Simon Martindill, Head of UK Academy, G4S tells SJUK how modern industrial security must evolve to meet hybrid security threats.
In previous decades, industrial security focused on strong perimeters and guard presence, with protests typically limited to visible pickets outside site gates.
Manufacturing sites were frequent targets, as disrupting production at source could trigger significant financial and supply chain impact.
By 2026, both the perimeter and the protest model have fundamentally changed.
Modern campaigns are highly coordinated operations that blend digital mobilisation, insider infiltration and targeted physical disruption.
Activists exploit online networks to research vulnerabilities, infiltrate organisations and coordinate action with precision.
In response, industrial security must move beyond static defences towards unified resilience – a pre-emptive model integrating physical protection, digital monitoring and human intelligence to counter this evolving hybrid threat.
Disruption campaigns often begin months in advance in encrypted online spaces, where activists research corporate vulnerabilities, supply chain chokepoints and executive movements.
A central tactic is insider infiltration. Operatives with clean records secure employment to map layouts, identify security gaps and leak schematics or shift patterns to external cells.
By the time a physical disruption occurs, organisers often have detailed knowledge of security blind spots.
These operations are increasingly shaped by strategic convergence, with separate groups forming coalitions to share resources, tactics and intelligence, strengthening coordination and impact.
The modern threat now extends far beyond the facility fence line.
Hybrid tactics involve targeting corporate leadership during travel or at private residences, utilising a coordinated combination of physical surveillance and digital agitation.
Recently a water company had to assign a specialist bodyguard to its chief executive following a surge in targeted threats.
While the chief executive of another utility company was confronted at a London railway station by an activist group.
Supply chain vulnerability represents another critical frontline.
Disruption occurs during transit and at distribution hubs.

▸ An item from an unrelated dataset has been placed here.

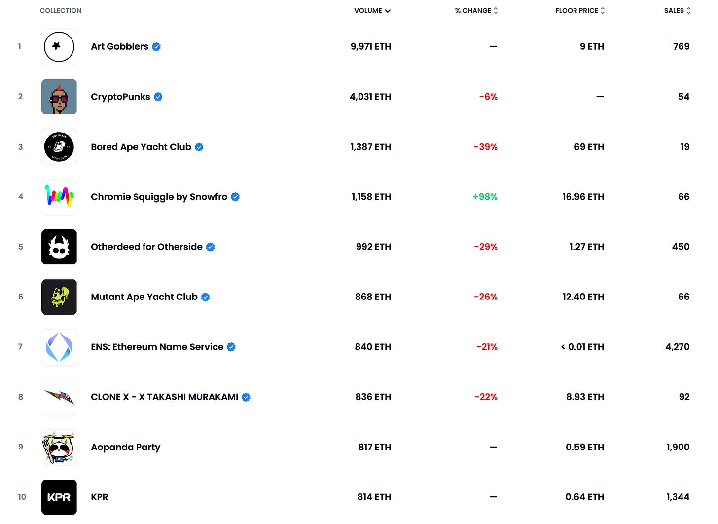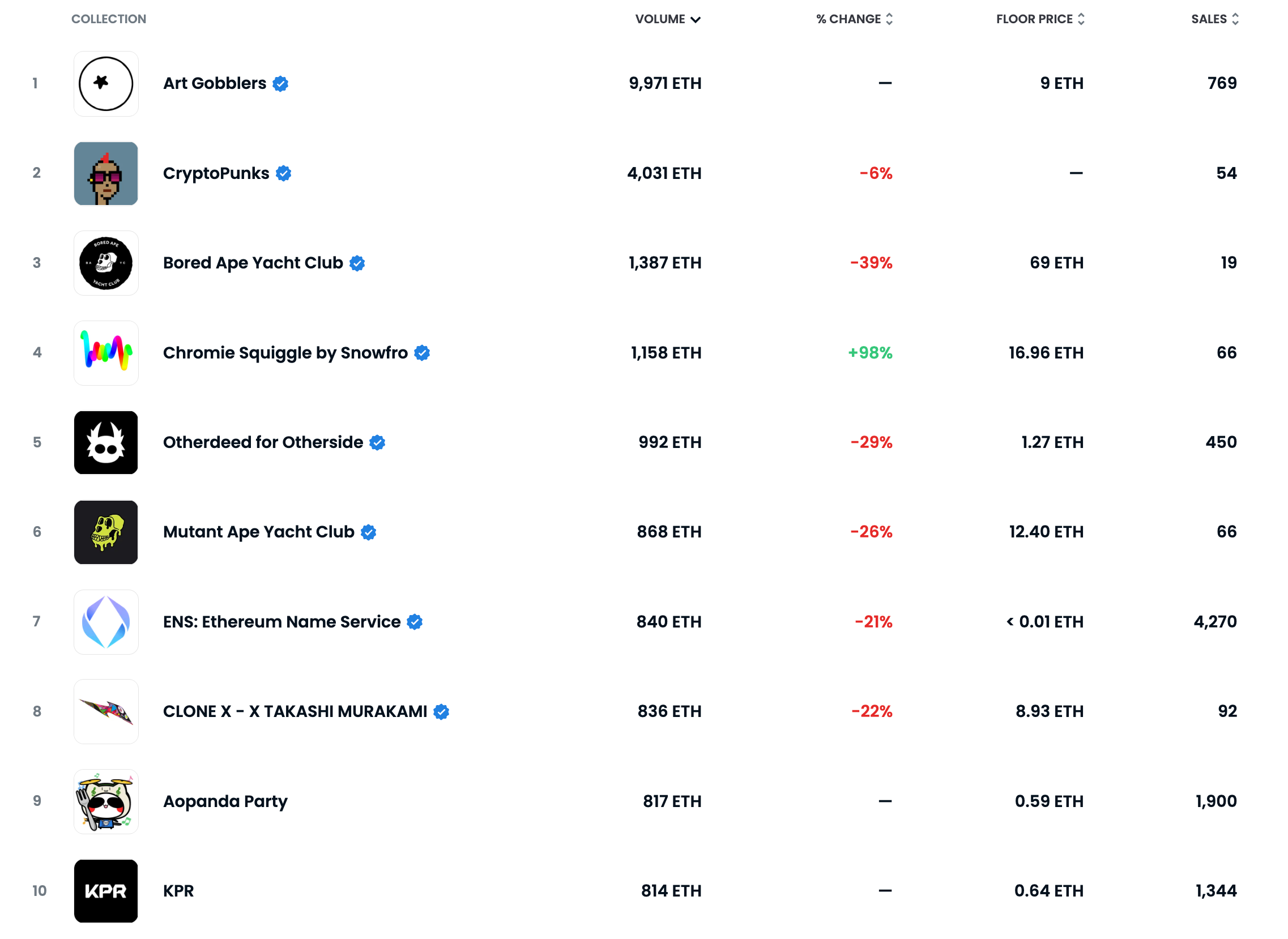 You get zero points for guessing which project gobbled its way to the top of this week’s chart. Beyond that shakeup, it’s business as usual all the way down to the last two slots in the top 10, which are filled by newcomers Aopanda Party and KPR in places 9 and 10, respectively.

Various decentralised movements have demonstrated surgical precision, using insider knowledge to target infrastructure and disable logistics networks.
Whether it is blockading major hubs in Doncaster or disabling machinery with expanding foam, the impact of individuals with deep knowledge of logistical corridors is felt across the entire system.
We are witnessing a profound strategic convergence where disparate activist groups are no longer operating in silos.
They are actively exchanging tactical lessons and normalising rapid escalation from lawful protest to high-impact direct action.
For industrial security, this means your threat profile can change overnight as tactics perfected in one sector are ‘downloaded’ and deployed against another.
Unified Resilience is our only viable defence against this shared intelligence.
It is a shift from siloed, reactive security to a holistic ecosystem where physical measures, cyber-defence and human intelligence are fused.
It means treating a digital ‘ping’ on a server with the same urgency as a physical breach of the fence line, ensuring that every layer of the organisation operates under a single, proactive shield.
To remain relevant, security strategies must shift towards this model of unified resilience – a pre-emptive defence that integrates several key pillars:
The final layer of the solution is zero-trust physical access.
Similar to digital security models, physical access is micro-segmented.
Employees and contractors are granted access only to the specific zones required for their roles at specific times.
This reduces the harm that a disgruntled or radicalised insider can cause.
By segmenting the factory floor, organisations ensure that a breach in one area does not lead to a total site shutdown.
The regulatory landscape has tightened with the Terrorism (Protection of Premises) Act 2025 and the Public Order Act 2023.
Martyn’s Law requires larger public venues to assess vulnerabilities and formalise emergency plans, while the Public Order Act introduces tougher penalties, including up to ten years for serious disruption.
Although these measures strengthen prosecution powers, they have driven some activists towards more covert tactics.
In 2026, resilience depends on embedding these legal duties within a broader, integrated security strategy.